What to do>
Transcribe the whole listing exactly; the images stay out.

Supplied material below:

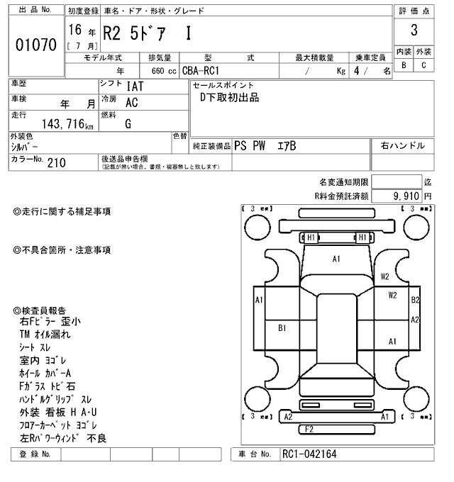 SUBARU R2 I - лот 1070
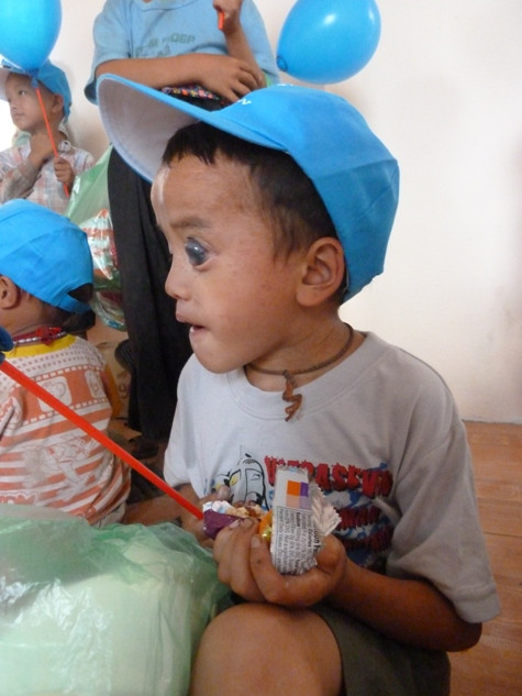 Tình cờ trong chuyến đi từ thiện thăm, tặng quà và khánh thành 4 điểm trường lẻ Đá Đỏ, Dằn A, Suối Pa và Suối Kếnh do Báo Giáo dục Việt Nam phối hợp cùng những tấm lòng hảo tâm Việt Kiều Mỹ tại xã vùng cao Kim Bon, huyện Phù Yên, Sơn La, chúng tôi biết đến trường hợp đáng thương của cháu bé Giàng A Trống Khua (6 tuổi) mồ côi cha mẹ, không ai chăm sóc. Mắt trái của cậu lồi to ra, xuất hiện những dị tật to ở trong mắt. Vì điều kiện gia đình khó khăn, cậu không thể đến trường học chữ như bao bạn bè trang lứa khác.
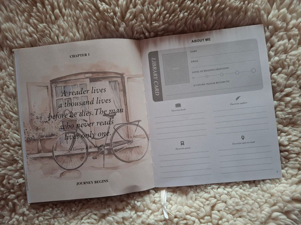 The cover is a soft texture and “reading journal” is embossed on the front, it was available in either grey or beige and it was a tight call but I decided beige called to me π. It has two material bookmarks and a page to introduce yourself, asking what level your reading obsession is, this book might just have to explode with my answer and that will have to be okay, at least I’ll have documented it here first π€£.
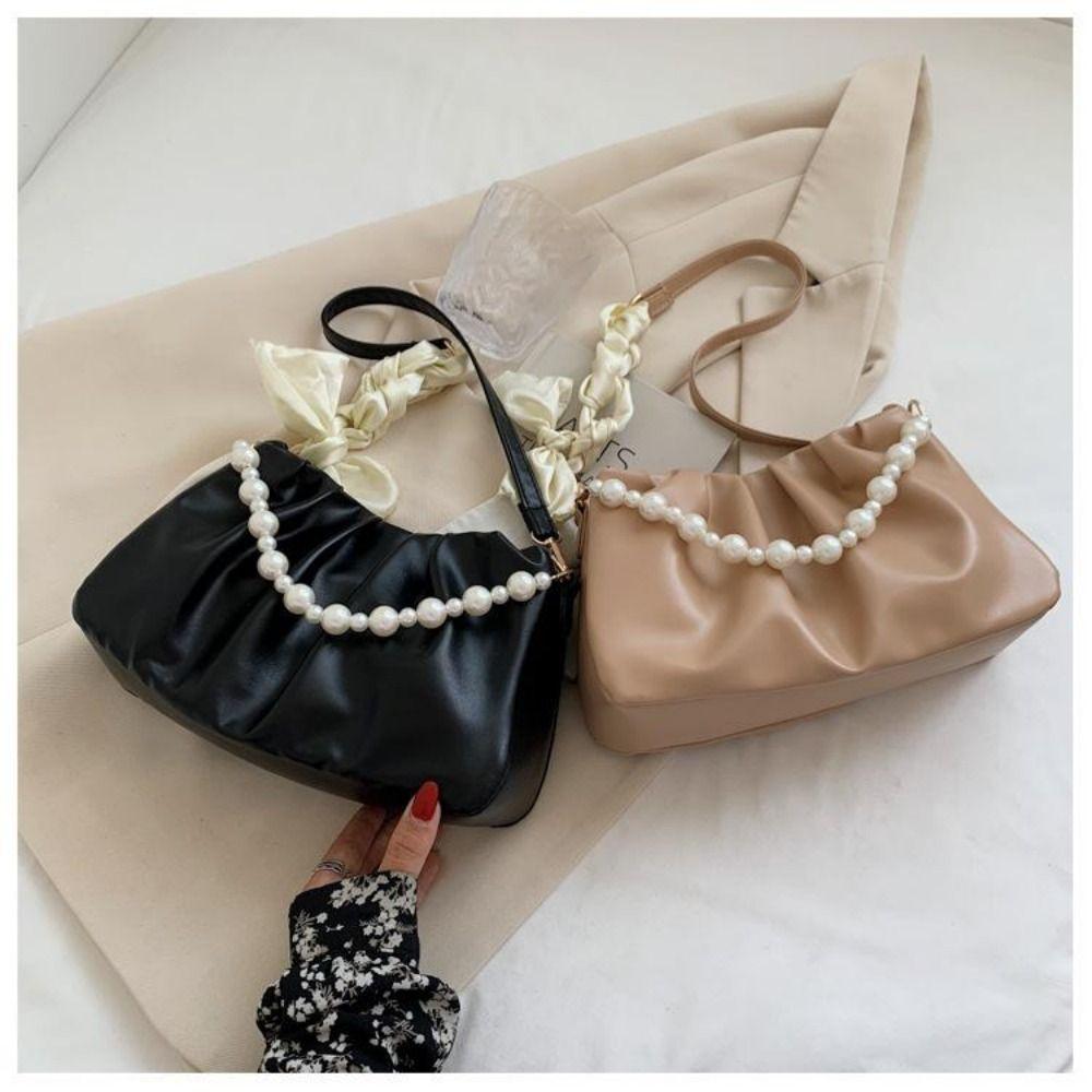 Fashion Pleated Shoulder Bag PU Leather with Pearl Cloud Underarm Bags Small Handbags Women Purse

End of Supplied material.

Written solution>
 SUBARU R2 I - лот 1070
 Tình cờ trong chuyến đi từ thiện thăm, tặng quà và khánh thành 4 điểm trường lẻ Đá Đỏ, Dằn A, Suối Pa và Suối Kếnh do Báo Giáo dục Việt Nam phối hợp cùng những tấm lòng hảo tâm Việt Kiều Mỹ tại xã vùng cao Kim Bon, huyện Phù Yên, Sơn La, chúng tôi biết đến trường hợp đáng thương của cháu bé Giàng A Trống Khua (6 tuổi) mồ côi cha mẹ, không ai chăm sóc. Mắt trái của cậu lồi to ra, xuất hiện những dị tật to ở trong mắt. Vì điều kiện gia đình khó khăn, cậu không thể đến trường học chữ như bao bạn bè trang lứa khác.
 The cover is a soft texture and “reading journal” is embossed on the front, it was available in either grey or beige and it was a tight call but I decided beige called to me π. It has two material bookmarks and a page to introduce yourself, asking what level your reading obsession is, this book might just have to explode with my answer and that will have to be okay, at least I’ll have documented it here first π€£.
 Fashion Pleated Shoulder Bag PU Leather with Pearl Cloud Underarm Bags Small Handbags Women Purse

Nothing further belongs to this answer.